--- Data section ---
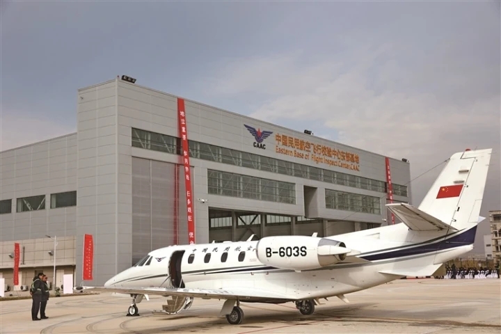28日,中国民用航空飞行校验中心东部基地在南通兴东国际机场正式投入运行。该基地主力运营机型为最新引进的奖状560+型校验飞机,投入运行后,可实现长三角地区1小时航程内机场的快速飞行校验服务响应。 记者 许丛军摄
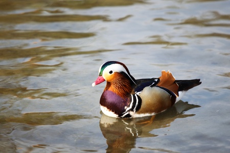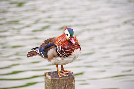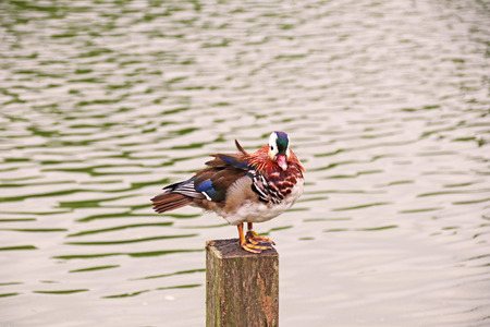Mandarin Duck Drake on water in summer
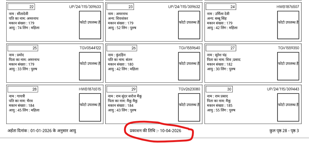 उत्तर प्रदेश के सभी मतदाता जो पुराने थे और जो नए थे और जिन्होंने पहली बार फॉर्म 6 भरा था उनका नाम जुड़ गया है लेकिन आपको लिस्ट और एपिक संख्या जरूर याद करके रखना होगा और इसे आप डाउनलोड भी कर सकते हैं इसकी पूरी जानकारी यहां पर दी जा रही है क्योंकि नई लिस्ट 10 अप्रैल 2026 को जारी कर दी गई है उत्तर प्रदेश में विधानसभा चुनाव 2027 में होने वाला है जिसको देखते हुए पूरी तैयारी चल रही है।
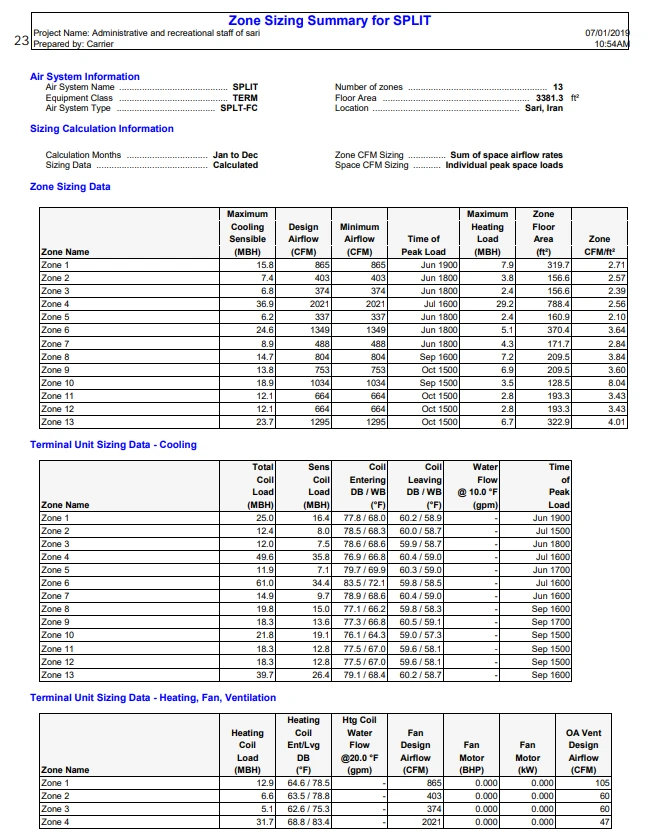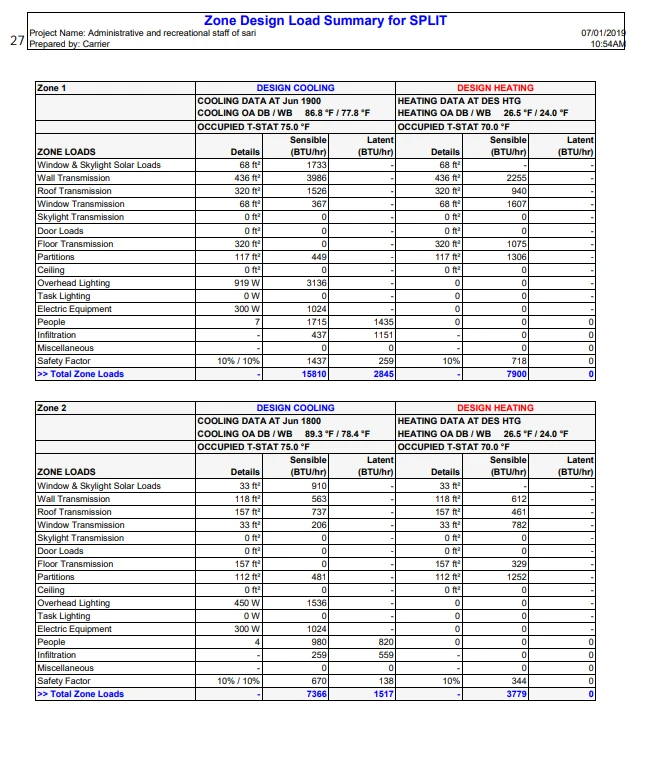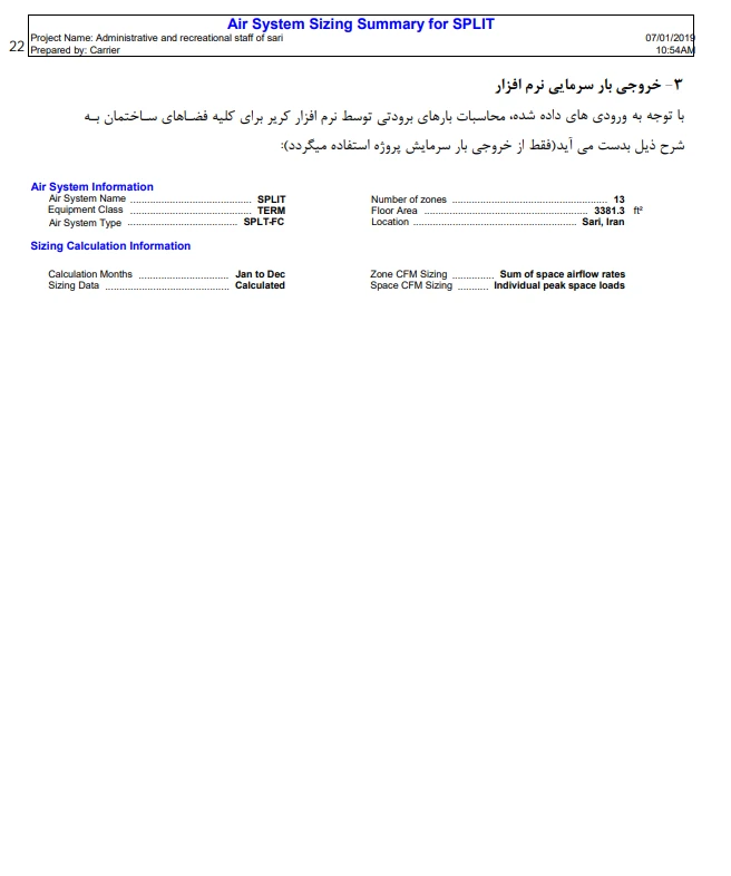 محاسبات بار سرمایش و گرمایش و میزان تلفات ساختمان برای انتخاب اصولی سیستم گرمایش و همچنین سرمایش در پروژه
---
:: Task description ::
An exact repeat of the listing above, pictures excluded, is the answer.

:: Response area ::
28日,中国民用航空飞行校验中心东部基地在南通兴东国际机场正式投入运行。该基地主力运营机型为最新引进的奖状560+型校验飞机,投入运行后,可实现长三角地区1小时航程内机场的快速飞行校验服务响应。 记者 许丛军摄
Mandarin Duck Drake on water in summer
 उत्तर प्रदेश के सभी मतदाता जो पुराने थे और जो नए थे और जिन्होंने पहली बार फॉर्म 6 भरा था उनका नाम जुड़ गया है लेकिन आपको लिस्ट और एपिक संख्या जरूर याद करके रखना होगा और इसे आप डाउनलोड भी कर सकते हैं इसकी पूरी जानकारी यहां पर दी जा रही है क्योंकि नई लिस्ट 10 अप्रैल 2026 को जारी कर दी गई है उत्तर प्रदेश में विधानसभा चुनाव 2027 में होने वाला है जिसको देखते हुए पूरी तैयारी चल रही है।
 محاسبات بار سرمایش و گرمایش و میزان تلفات ساختمان برای انتخاب اصولی سیستم گرمایش و همچنین سرمایش در پروژه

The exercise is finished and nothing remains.